It's fun, talking to and seeing old comrades from the brown country.

Nothing, it appears, has changed, and I don't go looking, or asking for this stuff, drivers want to tell me.

Drivers have a min/optimum & max stop count (the number of deliveries loaded). Usual load is just over max, because you can always do that little bit more (or threaten drivers with the sack for not following a reasonable request) You would think, therefore, that if you were given work in a bigger area, then your stop count would fall. (More miles, less time to deliver) Wrong, the UPS answer is....your stop count stays the same.

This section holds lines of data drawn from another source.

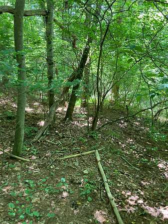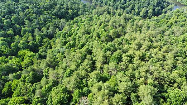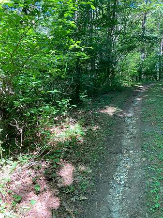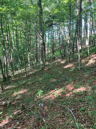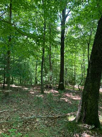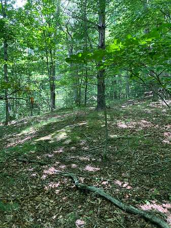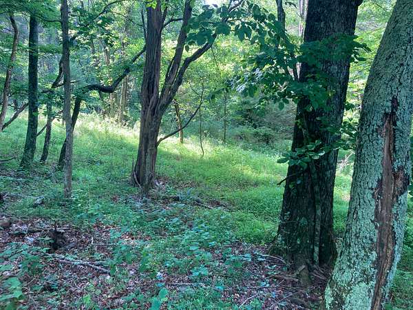 Located near Island Ford Road with paved access, the land is easy to reach while still providing a wooded and private atmosphere. A small creek runs through the property, adding a peaceful natural feature. The terrain is gently sloped and covered with mature trees.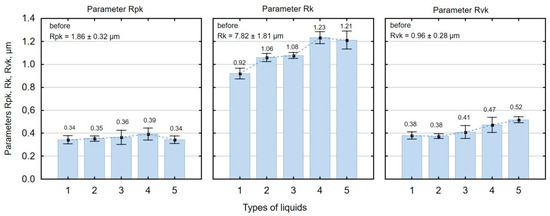 Slide burnishing also leads to changes in the parameters of the Abbott–Firestone curve (Figure 7). As a result of slide burnishing, the reduced peak height Rpk is decreased from 79% to 82%, and the depth of the surface roughness core Rk from 84% to 88%. The decrease in the Rpk parameter relative to the value after grinding is beneficial due to the wear after the lapping period of the mating parts. On the other hand, the low value of the Rk parameter allows us to conclude that there is a high load capacity of the surface after slide burnishing. As a result of surface smoothing, the Rvk parameter is decreased (reduction from 45% to 60%). This is an undesirable phenomenon due to a decrease in the lubricant retention capacity of the friction pair elements. The changes in the material bearing curve parameters are greater than those observed after slide burnishing of titanium alloy Ti6Al2Mo2Cr [72]. The lowest value of the analysed parameters Rpk, Rk, and Rvk was obtained using oil+PMM+MoS2 as a machining medium. In tribological terms, this result is the same as the results of3D shape parameters (Ssk < 0 and Sku > 3).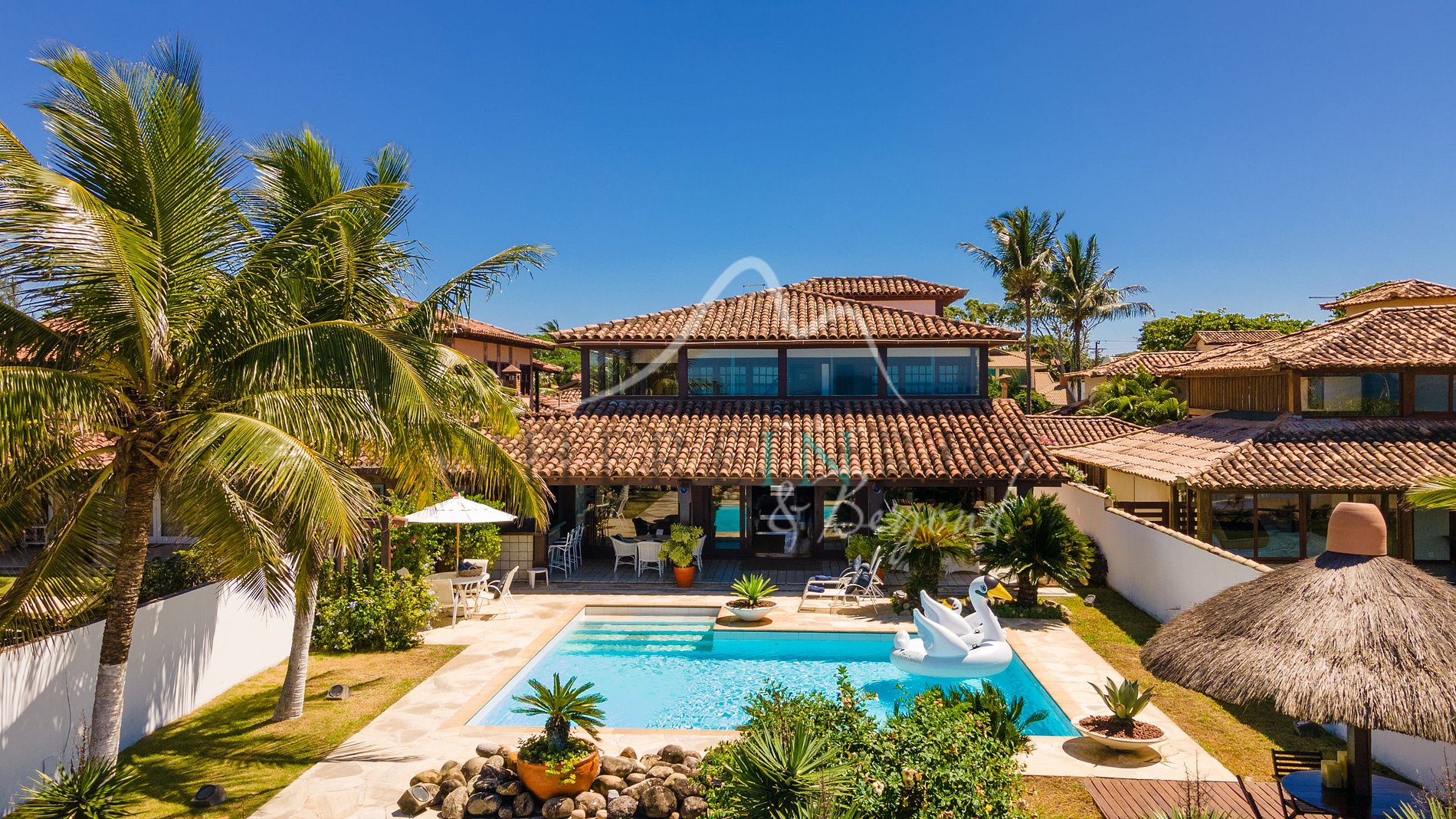 Maravillosa villa de lujo de 450 m² en el corazón de Búzios con 5 suites, 7 baños, piscina privada y vistas panorámicas al mar frente a la playa de Geribá.

A similar scenario relates to the UPS 8 hour plan. (each driver should reach a planned 8 hours work, based on time study work) Whatever the driver is doing, if he doesn't reach the 8 hour plan, give him more work. I proved the figures from the time study were wrong, (that's what happens when its done from guesswork) Did that change anything? No, it would have meant drivers taking less work out. The mantra was....the figures are the figures. The 8 hour plan was mentioned to me yesterday.

Even when the 8 hour plan is achieved, and the driver is out of range (between 8 & 9.5 hours) work will not be taken off. Again it affects productivity. So the same load pattern continues, the driver I saw tonight was on his way back to UPS at 18.55, he would have been a 7.30 starter and unlikely to finish work until at least 19.15.

How's that for bullying scenarios?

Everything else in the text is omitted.